I wonder if anyone has thoughts on the best way to identify the source
of summary/description data (520s) across a large corpus of MARC
records?

My primary goal is to distinguish between more neutral,
librarian-written summaries, and the more promotional summaries
derived from publishers sources, whether typed in from flap copy or
produced by ONIX-MARC conversion. I can see a number of uses for this
distinction; one is that members of LibraryThing much prefer short,
neutral descriptions, and abhor the lengthy purple prose of many
publisher descriptions.

So far I have a few ideas, but I'd love your thoughts on more:

The 520 $c (and $u, $2) ought to have source information. But it's
rarely filled out. Are there any other "tells"?

Some catalogers put "-- Publisher" or "-- Publisher description" at
the end of a 520 that comes from a publisher. I'd be interested in
hearing about other conventions you use or know.

I could compare the MARC descriptions I have with similar data from
Ingram, Amazon and Bowker, which (mostly) come from publishers. If
they match, it's probably publisher provided. (All this ignores
summaries that come from non-library, non-publisher sources.)
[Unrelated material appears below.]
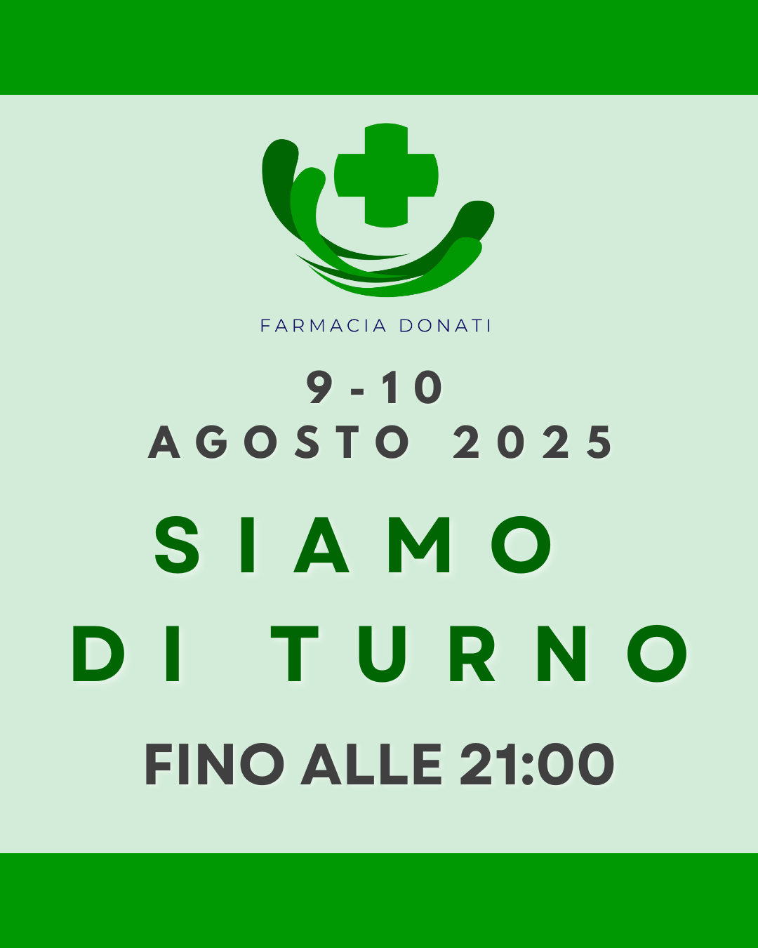 SABATO 9 E DOMENICA 10 AGOSTO Farmacia Donati è di TURNO fino alle ore 21:00.

100% accuracy will no doubt elude me, but if I can identify a large
set of both publisher and non-publisher, I can perhaps use them as a
training set for a Bayesian filter. It's probably that certain words
mark something out as publisher-derived—"much-anticipated,"
"bestselling," "seminal," etc.

There are legal or OCLC-annoying issues with re-sharing the
descriptions outright, but we'd be more than willing to what we
conclude about summaries with the larger cataloging world, such as via
hash.

What do you think?

Tim Spalding
LibraryThing

PS: It's probably too far outside my goals, but it would be
interesting to go farther. As a former classics scholar-in-training,
I'm tempted to try to automate the creation of a text-critical
stemma--a tree built by analyzing accumulated changes--and try to peg
the versions to their contributing institutions. Could be cool, no?